Standardmäßig haben Beschäftigte Anspruch auf drei verpflichtende nationale Feiertage: Republic Day (26. Januar), Independence Day (15. August) und Gandhi Jayanti (2. Oktober).
Darüber hinaus ist es marktüblich, dass Arbeitgeber zusätzliche gesetzliche oder regionale Feiertage gewähren (in der Regel 10–12) gemäß der Unternehmensrichtlinie. Diese Feiertage können mit regionalen und religiösen Gedenktagen übereinstimmen.

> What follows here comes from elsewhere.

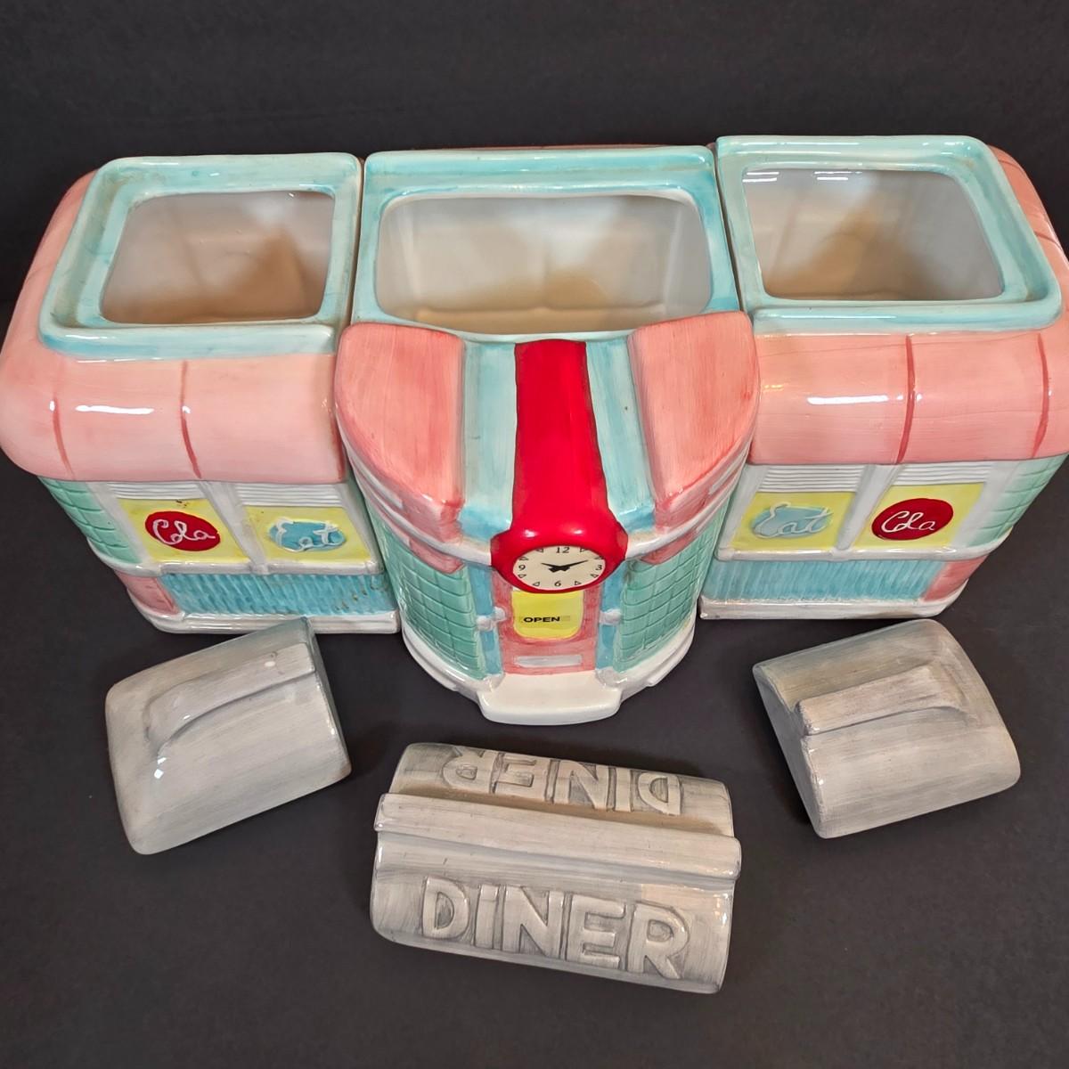 LOT 8W: Vintage Oggi American Diner Series Ceramic Canisters, Set of 3

Unternehmen entscheiden, welche Feiertage sie anerkennen, und wählen diese häufig aus Listen der Landesregierung und der Bankfeiertage aus.
Die Mutterschaftsregelung in Indien erlaubt 26 Wochen bezahlte Freistellung für die ersten beiden Kinder. Ab dem dritten Kind beträgt der Anspruch 12 Wochen. Die Mutterschaftsfrist kann bereits ab 8 Wochen vor dem erwarteten Entbindungstermin angetreten werden. Ab dem 17. März 2026 haben rechtlich adoptierende Mütter ab dem Datum der Kindesübergabe Anspruch auf 12 Wochen bezahlte Mutterschaftsfreistellung.
Im Privatsektor gibt es keinen verpflichtenden Anspruch auf Elternzeit; entsprechende Regelungen legen die Unternehmen individuell fest. Männliche Beschäftigte im öffentlichen Dienst in Indien erhalten bis zu 15 Tage.
Kurzfristige Freistellung: für dringende und unvorhergesehene Angelegenheiten. Unternehmen begrenzen diese in der Regel auf drei Tage pro Monat und insgesamt sechs Tage pro Jahr. Nicht genutzte Tage verfallen automatisch zum Jahresende.
Freistellung bei arbeitsbedingter Verletzung: Diese Freistellung gilt, wenn Beschäftigte eine Verletzung oder Erkrankung erleiden, die aus und im Verlauf der Beschäftigung entstanden ist.